If you are looking for a truly wonderful low fat pot pie then this is it! Since the "gravy" is made using nonfat milk, it isn't as creamy as the higher fat versions; however, what this recipe doesn't have in fat it makes up for in vegetables. It is packed with a wonderful combination of vegetables and seasonings. Instead of cooking the vegetables and chicken in the broth and then removing, I prepared the white sauce in my Vita-Mix and then incorporated into the chicken/vegetable mixture. The pastry edges were turned under and crimped. Definitely use a cookie sheet to cook this on as this dish is filled to the brim. A repeat for sure.
Your recipe makes for a wonderfully delicious pot pie & is certainly different from what is usually found out there! Loved the veggie combo used in this one, & will be keeping the recipe around to make again in the future!

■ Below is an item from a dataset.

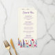 Faites-vous plaisir avec notre Fleur sauvage Symphony Double-Side Dîner et Bar Menu ! Avec les mêmes fleurs sauvages colorés qui ornent nos invitations, ce menu est aussi visuellement époustouflant que pratique. D'un côté, ravissez les papilles de vos invités avec un délicieux choix de dîners, des plats de viande alléchants aux délices végétariens salés. Chaque menu est élégamment présenté, reflétant les saveurs délicieuses de votre jour de mariage. Retournez le menu et vous trouverez une sélection de cocktails rafraîchissants et de boissons pour compléter votre repas. Qu'ils sirotent un simple cocktail ou qu'ils dégustent un verre de champagne frais, chaque boisson choisie ajoutera une touche de bonheur d'inspiration rustique à leur expérience culinaire. Avec des options personnalisables, vous pouvez adapter le menu à vos offres culinaires uniques et à votre thème mariage. Laissez notre Fleur sauvage Symphony Dîner à double face et Bar Menu être l'accompagnement parfait de votre réception, assurant que chaque aspect de votre mariage est un festin pour les sens!

Thanks so much for sharing it!
This chicken pot pie was very good. It did take a little time to prepare, but was well worth the time.And besides, it made enough for another meal!
Loved, loved, loved this. I really liked the low fat option, and the pie was just perfect for us. I did the lattice puff pastry, baking it a bit by itself~ and then putting it on top and baking it until done. For vegetables, I added fresh lima beans (that were precooked using the microwave until cooked). carrots, peas, potatoes, and turkey breasts instead of chicken. I especially loved the sauce, as it didn't turn out to liquid for us. Great, great dish, and I expect to make this pretty often this winter. Thanks, MarraMamba!
This is okay and great for a low fat meal, but it was a bit too liquidy for us, but then again this may have been my fault. I didn't measure the veggies and skipped the celery when I made this. Thanks for sharing though.